*** Opening of MATERIAL FOR THIS EXERCISE ***

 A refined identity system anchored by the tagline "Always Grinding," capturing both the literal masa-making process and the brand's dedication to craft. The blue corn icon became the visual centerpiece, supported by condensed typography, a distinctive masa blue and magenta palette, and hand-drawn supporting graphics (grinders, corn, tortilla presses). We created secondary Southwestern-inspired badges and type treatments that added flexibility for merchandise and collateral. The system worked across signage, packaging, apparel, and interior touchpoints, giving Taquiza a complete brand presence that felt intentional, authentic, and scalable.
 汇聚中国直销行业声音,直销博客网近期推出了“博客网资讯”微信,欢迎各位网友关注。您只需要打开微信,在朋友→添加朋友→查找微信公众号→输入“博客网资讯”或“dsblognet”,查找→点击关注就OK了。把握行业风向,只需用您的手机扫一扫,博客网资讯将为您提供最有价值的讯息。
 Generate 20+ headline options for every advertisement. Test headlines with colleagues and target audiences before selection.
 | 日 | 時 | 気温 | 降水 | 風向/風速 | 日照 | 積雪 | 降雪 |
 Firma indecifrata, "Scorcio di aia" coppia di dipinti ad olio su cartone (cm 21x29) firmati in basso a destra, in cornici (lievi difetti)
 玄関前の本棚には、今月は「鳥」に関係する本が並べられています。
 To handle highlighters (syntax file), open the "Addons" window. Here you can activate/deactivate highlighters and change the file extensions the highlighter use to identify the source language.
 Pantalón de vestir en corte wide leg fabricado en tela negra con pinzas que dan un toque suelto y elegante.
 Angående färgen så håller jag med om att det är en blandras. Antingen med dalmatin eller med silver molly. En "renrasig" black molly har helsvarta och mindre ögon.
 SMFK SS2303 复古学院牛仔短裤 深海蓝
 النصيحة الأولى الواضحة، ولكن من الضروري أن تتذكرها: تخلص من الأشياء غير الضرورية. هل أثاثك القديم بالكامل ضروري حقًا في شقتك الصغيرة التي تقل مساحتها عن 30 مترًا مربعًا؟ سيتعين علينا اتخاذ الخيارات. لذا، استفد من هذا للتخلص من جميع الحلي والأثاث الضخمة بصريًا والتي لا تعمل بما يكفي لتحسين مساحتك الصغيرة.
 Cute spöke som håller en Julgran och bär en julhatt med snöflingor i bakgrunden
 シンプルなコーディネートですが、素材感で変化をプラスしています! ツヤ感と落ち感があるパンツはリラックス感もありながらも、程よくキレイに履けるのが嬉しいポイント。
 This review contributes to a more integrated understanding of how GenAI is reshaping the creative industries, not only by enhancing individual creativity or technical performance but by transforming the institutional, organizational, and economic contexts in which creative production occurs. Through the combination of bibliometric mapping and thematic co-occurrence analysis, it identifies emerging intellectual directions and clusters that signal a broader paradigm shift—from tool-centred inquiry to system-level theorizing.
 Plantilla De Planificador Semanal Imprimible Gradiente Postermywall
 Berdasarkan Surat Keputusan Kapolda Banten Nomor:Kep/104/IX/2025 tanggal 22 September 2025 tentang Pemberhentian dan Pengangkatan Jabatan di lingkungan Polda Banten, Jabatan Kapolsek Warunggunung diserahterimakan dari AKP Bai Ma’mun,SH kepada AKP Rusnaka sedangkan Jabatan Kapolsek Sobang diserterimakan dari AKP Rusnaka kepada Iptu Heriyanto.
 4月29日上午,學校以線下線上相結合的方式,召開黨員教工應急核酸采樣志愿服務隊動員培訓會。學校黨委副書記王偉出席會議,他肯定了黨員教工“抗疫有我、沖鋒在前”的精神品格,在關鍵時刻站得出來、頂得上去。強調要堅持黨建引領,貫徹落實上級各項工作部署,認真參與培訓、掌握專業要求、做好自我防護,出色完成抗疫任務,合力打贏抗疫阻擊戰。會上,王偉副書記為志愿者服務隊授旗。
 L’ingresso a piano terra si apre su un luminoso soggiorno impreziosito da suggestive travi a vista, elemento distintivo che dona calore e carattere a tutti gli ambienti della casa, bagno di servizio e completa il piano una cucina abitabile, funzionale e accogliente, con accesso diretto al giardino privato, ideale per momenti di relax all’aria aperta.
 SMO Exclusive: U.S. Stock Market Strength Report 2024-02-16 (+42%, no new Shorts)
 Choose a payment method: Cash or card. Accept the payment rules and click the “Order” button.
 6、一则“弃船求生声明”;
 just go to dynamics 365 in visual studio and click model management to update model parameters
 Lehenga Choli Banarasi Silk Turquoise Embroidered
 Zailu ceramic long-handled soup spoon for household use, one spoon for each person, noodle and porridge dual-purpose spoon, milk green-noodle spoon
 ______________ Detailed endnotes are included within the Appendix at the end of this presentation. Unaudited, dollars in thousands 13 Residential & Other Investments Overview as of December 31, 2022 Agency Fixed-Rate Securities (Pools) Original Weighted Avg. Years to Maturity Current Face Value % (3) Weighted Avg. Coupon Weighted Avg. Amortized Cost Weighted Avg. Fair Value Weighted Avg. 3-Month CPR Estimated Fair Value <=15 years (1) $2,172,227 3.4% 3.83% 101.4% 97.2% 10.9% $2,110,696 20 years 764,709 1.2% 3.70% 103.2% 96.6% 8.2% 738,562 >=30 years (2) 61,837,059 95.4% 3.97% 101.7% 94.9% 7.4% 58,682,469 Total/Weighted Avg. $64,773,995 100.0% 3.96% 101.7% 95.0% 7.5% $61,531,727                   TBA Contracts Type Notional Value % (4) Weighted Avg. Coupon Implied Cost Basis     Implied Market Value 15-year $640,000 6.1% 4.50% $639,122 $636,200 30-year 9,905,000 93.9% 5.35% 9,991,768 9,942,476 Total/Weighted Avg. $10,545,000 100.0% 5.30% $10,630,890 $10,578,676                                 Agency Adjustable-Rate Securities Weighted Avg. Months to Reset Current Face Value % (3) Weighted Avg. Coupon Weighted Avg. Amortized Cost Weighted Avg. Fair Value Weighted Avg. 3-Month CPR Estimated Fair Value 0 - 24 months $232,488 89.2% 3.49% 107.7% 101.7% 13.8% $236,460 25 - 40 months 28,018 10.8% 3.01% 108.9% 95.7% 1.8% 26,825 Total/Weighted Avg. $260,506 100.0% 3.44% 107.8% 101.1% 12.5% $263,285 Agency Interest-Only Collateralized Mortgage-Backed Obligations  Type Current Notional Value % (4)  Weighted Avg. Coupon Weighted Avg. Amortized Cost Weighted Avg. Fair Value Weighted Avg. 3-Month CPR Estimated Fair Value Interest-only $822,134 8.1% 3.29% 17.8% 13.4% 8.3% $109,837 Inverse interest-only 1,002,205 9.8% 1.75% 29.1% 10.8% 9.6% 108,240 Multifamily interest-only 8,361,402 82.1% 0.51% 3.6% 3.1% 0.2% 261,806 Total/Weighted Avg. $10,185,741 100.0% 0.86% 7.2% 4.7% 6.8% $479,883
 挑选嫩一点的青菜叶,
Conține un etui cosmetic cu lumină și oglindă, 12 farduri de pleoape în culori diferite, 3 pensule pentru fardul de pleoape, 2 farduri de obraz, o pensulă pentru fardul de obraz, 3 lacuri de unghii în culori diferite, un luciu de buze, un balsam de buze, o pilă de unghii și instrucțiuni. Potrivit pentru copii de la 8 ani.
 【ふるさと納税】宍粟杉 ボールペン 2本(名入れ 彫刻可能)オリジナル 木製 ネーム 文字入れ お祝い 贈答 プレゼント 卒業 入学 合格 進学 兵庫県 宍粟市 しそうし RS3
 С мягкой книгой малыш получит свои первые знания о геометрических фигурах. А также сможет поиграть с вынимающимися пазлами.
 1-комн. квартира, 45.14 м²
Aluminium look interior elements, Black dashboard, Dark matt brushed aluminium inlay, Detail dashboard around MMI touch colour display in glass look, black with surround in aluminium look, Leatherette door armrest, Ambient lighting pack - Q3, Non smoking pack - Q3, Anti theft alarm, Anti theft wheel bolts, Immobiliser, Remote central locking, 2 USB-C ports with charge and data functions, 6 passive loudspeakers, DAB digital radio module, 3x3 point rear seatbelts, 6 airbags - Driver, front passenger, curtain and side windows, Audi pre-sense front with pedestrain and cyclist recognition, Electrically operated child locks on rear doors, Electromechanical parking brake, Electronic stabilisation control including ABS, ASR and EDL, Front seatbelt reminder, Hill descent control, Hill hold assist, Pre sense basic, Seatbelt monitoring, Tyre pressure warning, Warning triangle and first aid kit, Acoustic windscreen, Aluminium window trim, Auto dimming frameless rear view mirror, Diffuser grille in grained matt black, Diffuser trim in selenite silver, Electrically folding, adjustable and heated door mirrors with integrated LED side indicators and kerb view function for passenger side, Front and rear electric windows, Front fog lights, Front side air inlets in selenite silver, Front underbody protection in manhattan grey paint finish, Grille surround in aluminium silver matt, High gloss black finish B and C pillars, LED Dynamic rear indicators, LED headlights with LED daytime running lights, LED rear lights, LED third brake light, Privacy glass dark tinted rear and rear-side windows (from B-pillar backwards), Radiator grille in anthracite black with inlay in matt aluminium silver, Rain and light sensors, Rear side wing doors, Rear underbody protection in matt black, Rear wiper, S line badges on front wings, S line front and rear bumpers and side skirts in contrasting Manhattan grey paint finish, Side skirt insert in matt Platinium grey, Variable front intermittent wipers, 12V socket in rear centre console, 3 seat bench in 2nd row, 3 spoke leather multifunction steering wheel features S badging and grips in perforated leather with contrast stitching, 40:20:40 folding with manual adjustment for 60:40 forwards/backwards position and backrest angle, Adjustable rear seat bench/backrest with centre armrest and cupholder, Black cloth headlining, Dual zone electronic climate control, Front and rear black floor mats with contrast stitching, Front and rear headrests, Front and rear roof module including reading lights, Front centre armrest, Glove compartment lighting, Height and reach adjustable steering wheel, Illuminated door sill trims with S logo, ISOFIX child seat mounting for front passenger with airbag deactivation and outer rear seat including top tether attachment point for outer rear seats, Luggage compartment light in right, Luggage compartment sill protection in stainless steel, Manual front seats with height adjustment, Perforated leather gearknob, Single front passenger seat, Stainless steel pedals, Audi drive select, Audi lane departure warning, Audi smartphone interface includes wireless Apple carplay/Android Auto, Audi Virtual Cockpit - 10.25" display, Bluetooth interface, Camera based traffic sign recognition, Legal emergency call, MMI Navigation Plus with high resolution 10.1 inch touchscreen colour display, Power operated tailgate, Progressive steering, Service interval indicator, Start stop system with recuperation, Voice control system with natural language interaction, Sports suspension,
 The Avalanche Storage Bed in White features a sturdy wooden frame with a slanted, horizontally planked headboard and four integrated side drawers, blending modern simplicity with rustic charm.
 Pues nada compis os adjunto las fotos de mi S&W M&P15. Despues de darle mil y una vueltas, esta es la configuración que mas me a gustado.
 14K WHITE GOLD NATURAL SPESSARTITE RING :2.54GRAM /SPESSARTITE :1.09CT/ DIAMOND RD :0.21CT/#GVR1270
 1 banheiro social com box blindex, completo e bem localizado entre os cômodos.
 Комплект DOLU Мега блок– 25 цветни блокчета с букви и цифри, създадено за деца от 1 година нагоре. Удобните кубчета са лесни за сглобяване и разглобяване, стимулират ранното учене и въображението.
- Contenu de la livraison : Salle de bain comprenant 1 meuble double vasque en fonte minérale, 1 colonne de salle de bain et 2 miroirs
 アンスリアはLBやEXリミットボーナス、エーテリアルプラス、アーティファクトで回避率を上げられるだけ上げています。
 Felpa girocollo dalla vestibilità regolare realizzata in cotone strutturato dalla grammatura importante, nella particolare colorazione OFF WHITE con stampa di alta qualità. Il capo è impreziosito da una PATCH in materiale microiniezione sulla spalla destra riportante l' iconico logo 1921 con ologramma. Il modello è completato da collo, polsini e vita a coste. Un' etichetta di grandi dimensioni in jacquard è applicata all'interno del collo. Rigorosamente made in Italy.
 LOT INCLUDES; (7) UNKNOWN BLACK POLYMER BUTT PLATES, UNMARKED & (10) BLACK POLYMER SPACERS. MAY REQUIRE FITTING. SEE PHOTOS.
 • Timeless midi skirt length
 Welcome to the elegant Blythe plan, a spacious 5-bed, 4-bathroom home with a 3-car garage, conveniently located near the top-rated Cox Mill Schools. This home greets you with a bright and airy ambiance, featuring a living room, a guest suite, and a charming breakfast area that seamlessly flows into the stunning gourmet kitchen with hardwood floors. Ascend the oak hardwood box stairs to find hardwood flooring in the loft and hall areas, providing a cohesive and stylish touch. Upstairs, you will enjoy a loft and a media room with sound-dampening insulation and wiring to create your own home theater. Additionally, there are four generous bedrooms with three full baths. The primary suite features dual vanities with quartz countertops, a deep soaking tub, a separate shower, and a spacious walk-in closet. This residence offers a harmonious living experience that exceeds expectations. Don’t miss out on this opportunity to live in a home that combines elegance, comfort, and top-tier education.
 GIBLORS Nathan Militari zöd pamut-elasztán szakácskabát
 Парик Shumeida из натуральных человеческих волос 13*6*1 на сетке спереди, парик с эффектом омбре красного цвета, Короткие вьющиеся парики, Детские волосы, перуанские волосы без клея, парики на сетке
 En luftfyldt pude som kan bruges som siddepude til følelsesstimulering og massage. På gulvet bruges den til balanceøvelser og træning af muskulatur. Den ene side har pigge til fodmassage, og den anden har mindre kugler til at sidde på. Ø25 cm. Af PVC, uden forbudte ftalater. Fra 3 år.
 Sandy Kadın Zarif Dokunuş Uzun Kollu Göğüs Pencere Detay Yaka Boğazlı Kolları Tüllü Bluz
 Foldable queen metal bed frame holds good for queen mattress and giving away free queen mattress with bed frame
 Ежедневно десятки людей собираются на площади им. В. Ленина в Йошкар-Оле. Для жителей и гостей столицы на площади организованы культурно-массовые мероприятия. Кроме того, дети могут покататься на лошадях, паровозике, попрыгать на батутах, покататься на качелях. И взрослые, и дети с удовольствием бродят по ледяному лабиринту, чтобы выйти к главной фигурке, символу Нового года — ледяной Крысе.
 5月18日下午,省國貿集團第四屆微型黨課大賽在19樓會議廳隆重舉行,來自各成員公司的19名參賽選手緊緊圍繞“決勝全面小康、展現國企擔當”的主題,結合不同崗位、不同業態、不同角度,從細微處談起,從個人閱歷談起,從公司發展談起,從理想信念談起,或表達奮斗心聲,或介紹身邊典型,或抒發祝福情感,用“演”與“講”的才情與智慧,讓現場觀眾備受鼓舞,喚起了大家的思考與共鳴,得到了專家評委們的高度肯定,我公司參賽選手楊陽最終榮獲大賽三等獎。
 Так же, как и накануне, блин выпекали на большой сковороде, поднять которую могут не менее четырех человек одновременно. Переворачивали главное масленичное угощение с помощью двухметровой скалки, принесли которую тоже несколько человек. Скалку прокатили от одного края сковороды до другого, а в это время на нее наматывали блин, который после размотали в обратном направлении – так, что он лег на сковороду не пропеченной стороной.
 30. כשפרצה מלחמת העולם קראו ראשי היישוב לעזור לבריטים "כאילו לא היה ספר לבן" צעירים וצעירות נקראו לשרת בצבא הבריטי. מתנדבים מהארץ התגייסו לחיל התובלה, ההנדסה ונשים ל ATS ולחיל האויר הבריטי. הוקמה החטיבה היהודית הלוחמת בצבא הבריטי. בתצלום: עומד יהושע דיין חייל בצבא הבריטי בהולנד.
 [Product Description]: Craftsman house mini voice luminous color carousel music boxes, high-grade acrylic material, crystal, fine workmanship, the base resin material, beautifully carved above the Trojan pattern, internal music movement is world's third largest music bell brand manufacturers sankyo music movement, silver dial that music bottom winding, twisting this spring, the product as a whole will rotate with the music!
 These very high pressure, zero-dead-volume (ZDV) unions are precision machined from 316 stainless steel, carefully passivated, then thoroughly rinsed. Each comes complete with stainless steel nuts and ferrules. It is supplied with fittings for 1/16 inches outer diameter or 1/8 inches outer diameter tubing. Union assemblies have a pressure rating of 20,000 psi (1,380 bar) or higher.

*** Close of MATERIAL FOR THIS EXERCISE ***

--- WHAT YOU ARE ASKED TO DO ---
Copy only this part of the entries above: the line with "cornici (lievi difetti)", the line with "Berdasarkan Surat Keputusan", and the lines between, all exactly as written.

--- PROBLEM SOLUTION ---
 Firma indecifrata, "Scorcio di aia" coppia di dipinti ad olio su cartone (cm 21x29) firmati in basso a destra, in cornici (lievi difetti)
 玄関前の本棚には、今月は「鳥」に関係する本が並べられています。
 To handle highlighters (syntax file), open the "Addons" window. Here you can activate/deactivate highlighters and change the file extensions the highlighter use to identify the source language.
 Pantalón de vestir en corte wide leg fabricado en tela negra con pinzas que dan un toque suelto y elegante.
 Angående färgen så håller jag med om att det är en blandras. Antingen med dalmatin eller med silver molly. En "renrasig" black molly har helsvarta och mindre ögon.
 SMFK SS2303 复古学院牛仔短裤 深海蓝
 النصيحة الأولى الواضحة، ولكن من الضروري أن تتذكرها: تخلص من الأشياء غير الضرورية. هل أثاثك القديم بالكامل ضروري حقًا في شقتك الصغيرة التي تقل مساحتها عن 30 مترًا مربعًا؟ سيتعين علينا اتخاذ الخيارات. لذا، استفد من هذا للتخلص من جميع الحلي والأثاث الضخمة بصريًا والتي لا تعمل بما يكفي لتحسين مساحتك الصغيرة.
 Cute spöke som håller en Julgran och bär en julhatt med snöflingor i bakgrunden
 シンプルなコーディネートですが、素材感で変化をプラスしています! ツヤ感と落ち感があるパンツはリラックス感もありながらも、程よくキレイに履けるのが嬉しいポイント。
 This review contributes to a more integrated understanding of how GenAI is reshaping the creative industries, not only by enhancing individual creativity or technical performance but by transforming the institutional, organizational, and economic contexts in which creative production occurs. Through the combination of bibliometric mapping and thematic co-occurrence analysis, it identifies emerging intellectual directions and clusters that signal a broader paradigm shift—from tool-centred inquiry to system-level theorizing.
 Plantilla De Planificador Semanal Imprimible Gradiente Postermywall
 Berdasarkan Surat Keputusan Kapolda Banten Nomor:Kep/104/IX/2025 tanggal 22 September 2025 tentang Pemberhentian dan Pengangkatan Jabatan di lingkungan Polda Banten, Jabatan Kapolsek Warunggunung diserahterimakan dari AKP Bai Ma’mun,SH kepada AKP Rusnaka sedangkan Jabatan Kapolsek Sobang diserterimakan dari AKP Rusnaka kepada Iptu Heriyanto.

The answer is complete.